** YOUR ASSIGNMENT **
Write the records out again exactly, but without pictures.

(DATASET RECORDS)

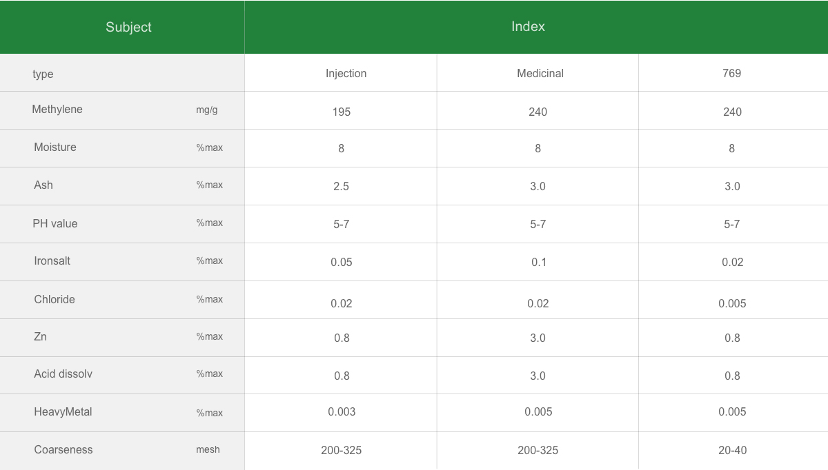 (pharmaceutical grade) woodiness powder activated carbon with high quality of sawdust as raw material by steam activation, through special production technology with physical method and chemical method of refined processing, grinding and become, has a large surface area, strong decoloring force, high purity, quick filtration speed, stable quality, etc., mainly used in: medicine, pesticides, Chinese and western reversed-phased decoloring and removing impurity refined, with absorption of intestinal bacteria and detoxification.
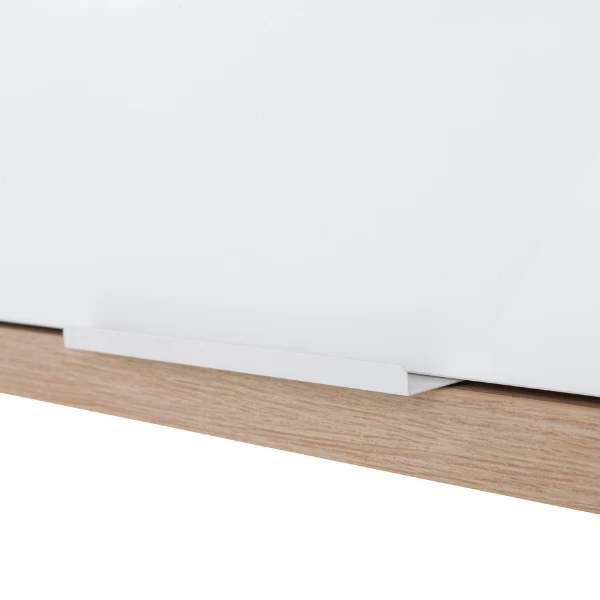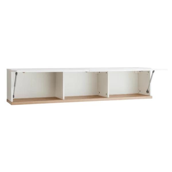 Wandkast 160x28x30cm uit spaanplaat met afwerking in eikdecor en hoogglans wit. Met klapdeur.
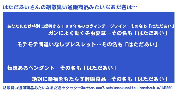 | ヘコむあだ名 | 『はたにー』『はただあい(笑)』 |
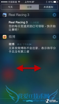 通知中心是苹果系统一贯的特色,它与Android系统中的下拉菜单有很大的不同。与以往的通知体系不同,iOS7中的通知中心可以查看当天、全部、错过的信息,具体包括了来电、短信、信息推送以及AppStore更新等等,这种分类方式还算直观。除了将手势向下拉动之外呼出通知中心外,在三个模块中也支持横向滑动操作。
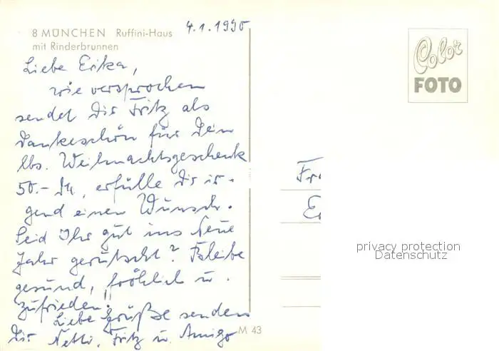 Muenchen Ruffini Haus Historisches Gebaeude mit Rinderbrunnen Muenchen postalisch nicht gelaufen 1990 Erhaltung siehe scans [FriedD77] Frierer
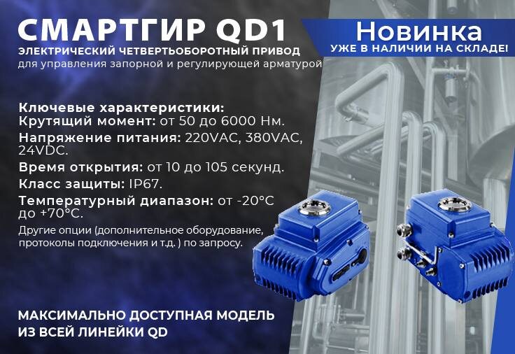 ⚡⚡ Мы с гордостью представляем вам новую линейку электрических четвертьоборотных приводов «Смартгир» серии QD1. Эти приводы разработаны для управления запорной и регулирующей арматуройи сочетают в себе компактные размеры, а так же низкую стоимость и при этом высокую надежность, свойственную всей продукции, производимой на нашем заводе. 🔍Ключевые характеристики: 📍Крутящий момент: от 50 до 6000 Нм. 📍Напряжение питания: 220VAC, 380VAC, 24VDC. 📍Время открытия: от 10 до 105 секунд. 📍Класс защиты: IP67. 📍Температурный диапазон: от -20°C до +70°C. Дополнительное оборудование (опционально): 📌Блок местного управления; 📌Датчик положения и позиционер для управления приводом (4…20 мА); 📌Блок возврата в исходное положение 📌Интерфейсы связи: ModBus-RTU, ModBus-TCP, Profibus-DP, HART. 🧑🏭Почему Вам подойдет серия QD1: Компактные размеры – идеально подходят для арматуры малых диаметров и ограниченного пространства. Универсальность – возможность местного или дистанционного управления
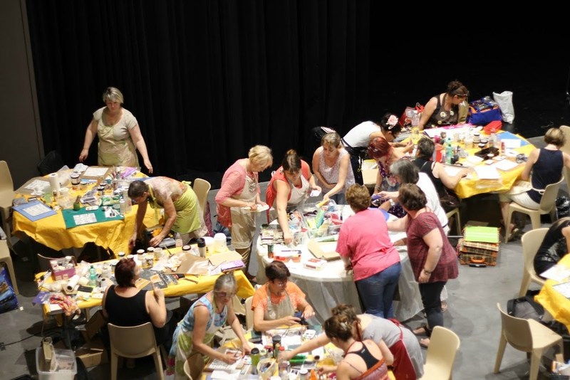 Pour ma part j’animais des minis ateliers d’une heure en alternant travail des Bistres/Brushos et travail des Izink Dye avec le flex plak de Laura Pack.
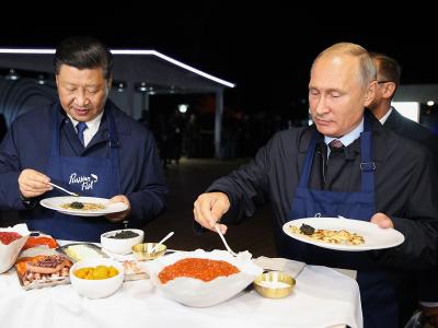 रशियाचे राष्ट्राध्यक्ष व्लादिमीर पुतिन और चीनचे राष्ट्राध्यक्ष शी जिनपिंग यांनी एकत्र येत एक पदार्थ बनवला.
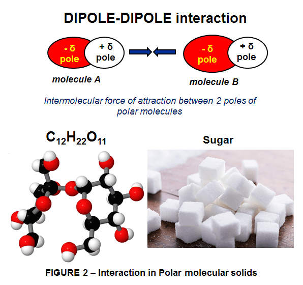 The polar molecules HAVE a positive side and a negative side due to the uneven distribution of electrons in the molecule. Here the molecular solids are held together by dipole-dipole interactions. The dipole-dipole forces are stronger than London forces, making substances with such kind of interaction between the molecules in their structure, to have higher melting points than molecules held by weaker London forces, namely non-polar molecular solids.The bonding electrons in polar molecular solids are pulled closer to the atoms in the molecule with the greatest electronegativity. This makes one end of the molecule slightly negative, while the other end of the molecule is slightly negative, such as in sucrose ( C12H22O11 a.k.a. table sugar – Fig 2.)

(End DATASET RECORDS)

** WRITTEN ANSWER **
 (pharmaceutical grade) woodiness powder activated carbon with high quality of sawdust as raw material by steam activation, through special production technology with physical method and chemical method of refined processing, grinding and become, has a large surface area, strong decoloring force, high purity, quick filtration speed, stable quality, etc., mainly used in: medicine, pesticides, Chinese and western reversed-phased decoloring and removing impurity refined, with absorption of intestinal bacteria and detoxification.
 Wandkast 160x28x30cm uit spaanplaat met afwerking in eikdecor en hoogglans wit. Met klapdeur.
 | ヘコむあだ名 | 『はたにー』『はただあい(笑)』 |
 通知中心是苹果系统一贯的特色,它与Android系统中的下拉菜单有很大的不同。与以往的通知体系不同,iOS7中的通知中心可以查看当天、全部、错过的信息,具体包括了来电、短信、信息推送以及AppStore更新等等,这种分类方式还算直观。除了将手势向下拉动之外呼出通知中心外,在三个模块中也支持横向滑动操作。
 Muenchen Ruffini Haus Historisches Gebaeude mit Rinderbrunnen Muenchen postalisch nicht gelaufen 1990 Erhaltung siehe scans [FriedD77] Frierer
 ⚡⚡ Мы с гордостью представляем вам новую линейку электрических четвертьоборотных приводов «Смартгир» серии QD1. Эти приводы разработаны для управления запорной и регулирующей арматуройи сочетают в себе компактные размеры, а так же низкую стоимость и при этом высокую надежность, свойственную всей продукции, производимой на нашем заводе. 🔍Ключевые характеристики: 📍Крутящий момент: от 50 до 6000 Нм. 📍Напряжение питания: 220VAC, 380VAC, 24VDC. 📍Время открытия: от 10 до 105 секунд. 📍Класс защиты: IP67. 📍Температурный диапазон: от -20°C до +70°C. Дополнительное оборудование (опционально): 📌Блок местного управления; 📌Датчик положения и позиционер для управления приводом (4…20 мА); 📌Блок возврата в исходное положение 📌Интерфейсы связи: ModBus-RTU, ModBus-TCP, Profibus-DP, HART. 🧑🏭Почему Вам подойдет серия QD1: Компактные размеры – идеально подходят для арматуры малых диаметров и ограниченного пространства. Универсальность – возможность местного или дистанционного управления
 Pour ma part j’animais des minis ateliers d’une heure en alternant travail des Bistres/Brushos et travail des Izink Dye avec le flex plak de Laura Pack.
 रशियाचे राष्ट्राध्यक्ष व्लादिमीर पुतिन और चीनचे राष्ट्राध्यक्ष शी जिनपिंग यांनी एकत्र येत एक पदार्थ बनवला.
 The polar molecules HAVE a positive side and a negative side due to the uneven distribution of electrons in the molecule. Here the molecular solids are held together by dipole-dipole interactions. The dipole-dipole forces are stronger than London forces, making substances with such kind of interaction between the molecules in their structure, to have higher melting points than molecules held by weaker London forces, namely non-polar molecular solids.The bonding electrons in polar molecular solids are pulled closer to the atoms in the molecule with the greatest electronegativity. This makes one end of the molecule slightly negative, while the other end of the molecule is slightly negative, such as in sucrose ( C12H22O11 a.k.a. table sugar – Fig 2.)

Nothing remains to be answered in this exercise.